Les exercices pour les fesses et les jambes comprennent la montée des escaliers.
La recherche a montré que l’activité physique réduit le risque cardiaque.

Une étude menée par le Département d’épidémiologie et de santé des populations de la London School of Hygiene and Tropical Medicine a indiqué que l’élimination d’un mode de vie sédentaire réduit le risque cardiovasculaire de 15 à 39 %.

La même étude ajoute que réduire le temps qu’une personne reste assise par jour à seulement trois heures pourrait augmenter l’espérance de vie jusqu’à deux ans. Les experts indiquent qu’il est recommandé de faire 150 minutes d’activité aérobique ou 75 minutes d’activité intense par semaine.

Les adultes sans antécédents de maladie cardiovasculaire peuvent commencer un programme d’exercices progressifs sans trop de difficulté. Cependant, il est toujours préférable de consulter le médecin, surtout en cas de doute.

Les preuves indiquent que faire de l’exercice au moins deux fois par semaine est associé à une diminution du risque cardiovasculaire, car cela aide le cœur à battre plus fort, maintient la tension artérielle stable et abaisse le cholestérol.

Conseils utiles

L’introduction d’exercices réguliers dans les habitudes de vie réduit non seulement le risque cardiovasculaire, mais est également excellente pour maintenir une bonne humeur et réduire le stress. L’idéal est de pratiquer un sport et si ce n’est pas possible, créer une routine d’exercices.

La chose la plus conseillée est de commencer par des activités moins exigeantes et d’augmenter progressivement. Les données suivantes sur le niveau d’activité aident à mieux programmer le plan d’exercice.

  • Activité physique légère. C’est la bonne pour commencer lorsqu’une personne est sédentaire. Incluez des activités telles que la marche, la natation lente, le golf, le Tai-Chi, le yoga ou le Pilates.
  • Activité physique modérée. Après quelques semaines d’activité physique légère, sauf indication contraire de votre médecin, vous pouvez augmenter l’intensité. Des activités telles que la danse de salon, le vélo, la natation, la marche rapide ou l’équitation peuvent convenir.
  • Activité physique intense. Il ne doit être démarré que s’il est clair qu’il n’y a aucun risque. Il comprend des activités telles que l’escalade, la danse aérobique, l’athlétisme, le canoë et la pratique de tout sport à un rythme intense.

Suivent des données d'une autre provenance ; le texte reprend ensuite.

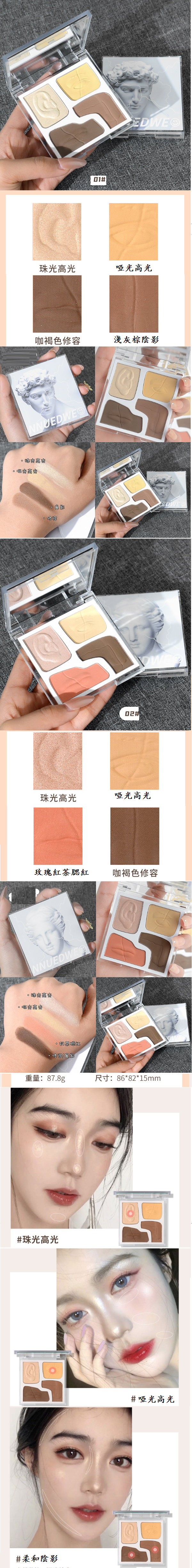 新款四色修容盤套裝(2#維納斯腮紅盤+修容刷+鼻影刷)

Il est conseillé de faire des exercices de musculation quelques jours par semaine. Les bandes d’haltérophilie ou de résistance sont très pratiques. Il est conseillé de surveiller les signes vitaux et d’arrêter l’activité en cas d’étourdissements ou d’essoufflement. Au fil du temps, la capacité du corps à mieux réagir est augmentée.

Prévention du risque cardiovasculaire

Des études indiquent que les meilleurs résultats sont obtenus lorsqu’une alimentation saine est associée à une activité physique régulière. Une mesure améliore l’autre et la rend plus rentable. Pour cette raison, il est préférable d’adopter les deux habitudes en même temps.

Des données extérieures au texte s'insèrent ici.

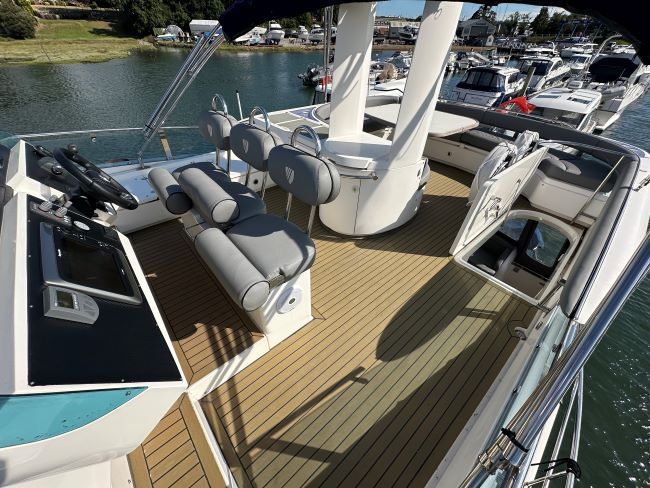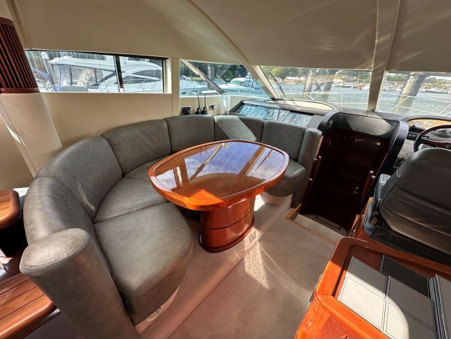 Spacious upper dinette with twin lower helm position - headlining's replaced across dinette and lower helm

Il est normal qu’au début il y ait de la résistance à adopter de nouvelles habitudes. Cependant, une fois que vous commencez et que vous brisez cette barrière initiale petit à petit, tout devient plus facile. En moyenne, il faut un peu plus de deux mois à une personne pour intégrer une nouvelle habitude. Le résultat final ? Prévenir plutôt que guérir.